- [Task prompt] Copy exactly the lines from the one containing "圖4:2022年一季度廣發證券資管在管基金凈贖回前10只" through the last line of the records below, both included, and leave out the pictures.
START Task material
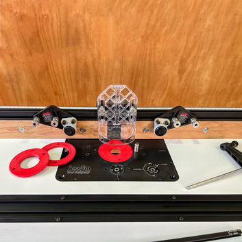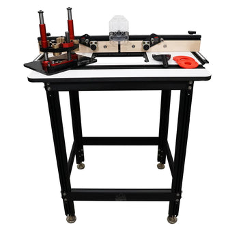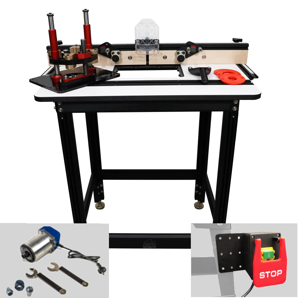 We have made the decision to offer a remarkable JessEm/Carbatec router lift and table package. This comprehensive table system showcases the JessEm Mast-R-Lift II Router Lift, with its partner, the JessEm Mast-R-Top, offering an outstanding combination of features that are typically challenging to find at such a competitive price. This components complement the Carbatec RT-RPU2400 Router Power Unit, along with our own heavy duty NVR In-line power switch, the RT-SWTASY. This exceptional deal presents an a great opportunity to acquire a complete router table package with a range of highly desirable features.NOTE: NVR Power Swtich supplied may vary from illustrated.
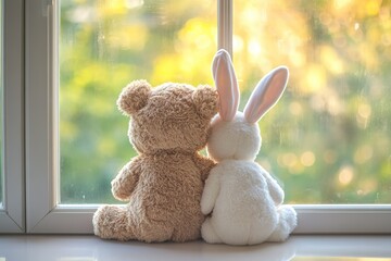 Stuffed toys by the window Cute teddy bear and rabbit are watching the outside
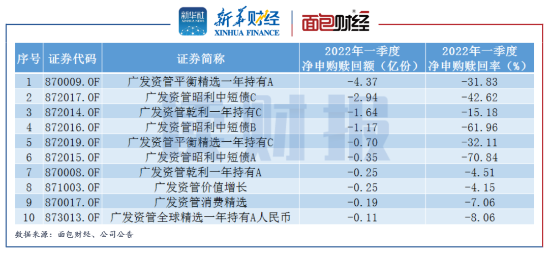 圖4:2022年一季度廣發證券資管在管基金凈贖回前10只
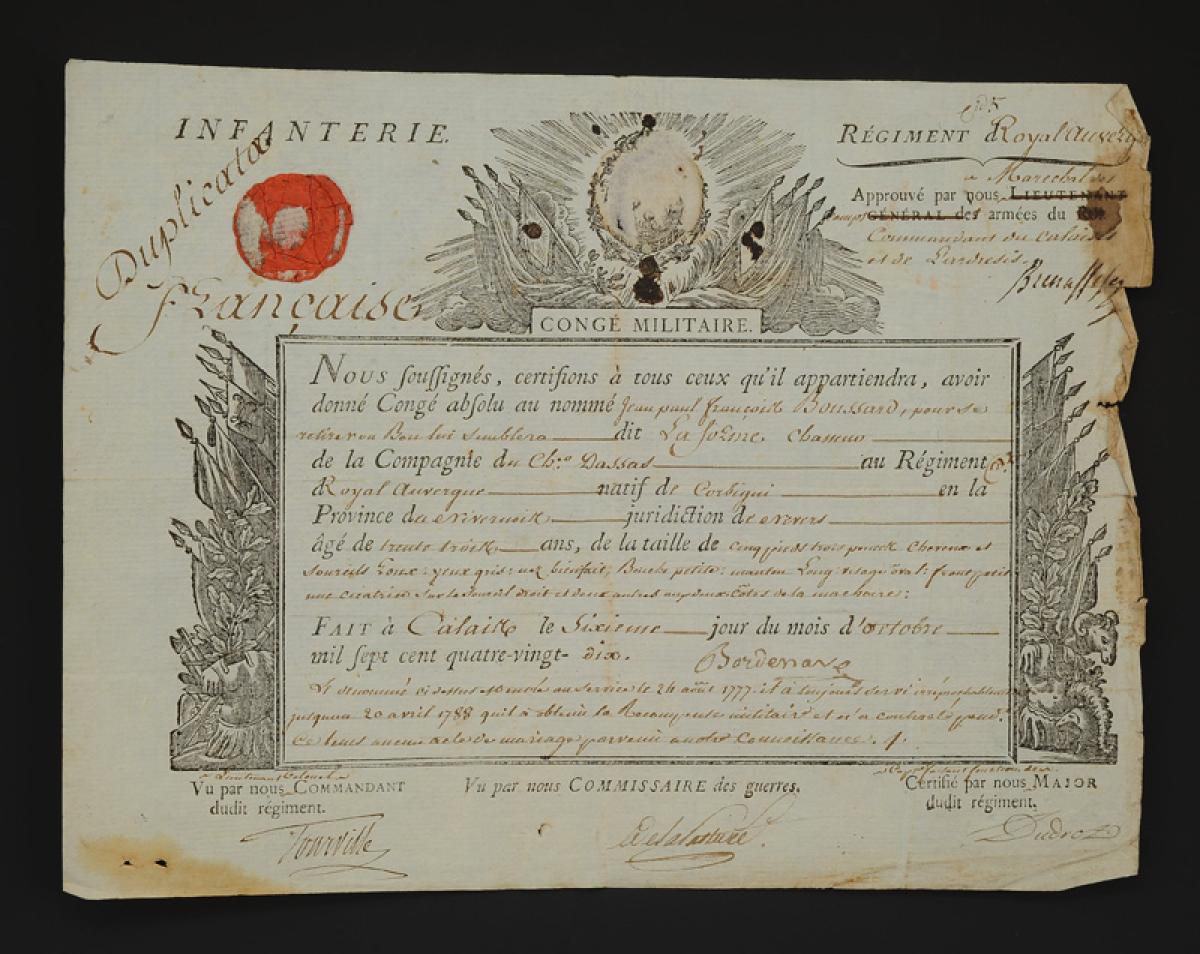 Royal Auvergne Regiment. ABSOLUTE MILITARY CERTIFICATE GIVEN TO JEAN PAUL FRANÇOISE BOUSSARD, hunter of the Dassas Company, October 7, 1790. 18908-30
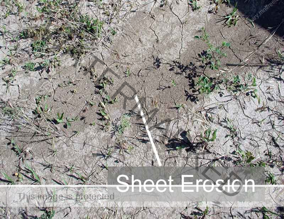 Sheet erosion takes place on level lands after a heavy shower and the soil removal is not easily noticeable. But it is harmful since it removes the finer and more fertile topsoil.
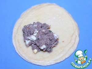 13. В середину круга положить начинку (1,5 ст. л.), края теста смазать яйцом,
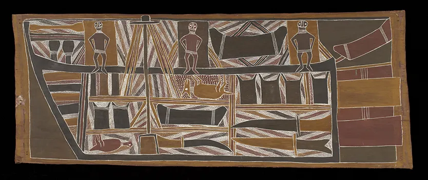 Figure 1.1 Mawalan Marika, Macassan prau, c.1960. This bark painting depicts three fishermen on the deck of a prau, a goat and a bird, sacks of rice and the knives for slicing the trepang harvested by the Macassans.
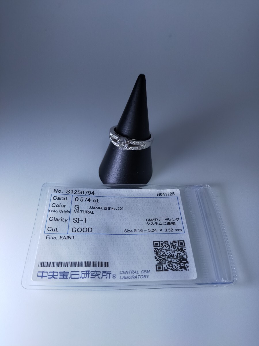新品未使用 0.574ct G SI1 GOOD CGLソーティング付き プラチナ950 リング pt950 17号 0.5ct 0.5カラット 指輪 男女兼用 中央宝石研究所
END Task material
- [Solution]
 圖4:2022年一季度廣發證券資管在管基金凈贖回前10只
 Royal Auvergne Regiment. ABSOLUTE MILITARY CERTIFICATE GIVEN TO JEAN PAUL FRANÇOISE BOUSSARD, hunter of the Dassas Company, October 7, 1790. 18908-30
 Sheet erosion takes place on level lands after a heavy shower and the soil removal is not easily noticeable. But it is harmful since it removes the finer and more fertile topsoil.
 13. В середину круга положить начинку (1,5 ст. л.), края теста смазать яйцом,
 Figure 1.1 Mawalan Marika, Macassan prau, c.1960. This bark painting depicts three fishermen on the deck of a prau, a goat and a bird, sacks of rice and the knives for slicing the trepang harvested by the Macassans.
新品未使用 0.574ct G SI1 GOOD CGLソーティング付き プラチナ950 リング pt950 17号 0.5ct 0.5カラット 指輪 男女兼用 中央宝石研究所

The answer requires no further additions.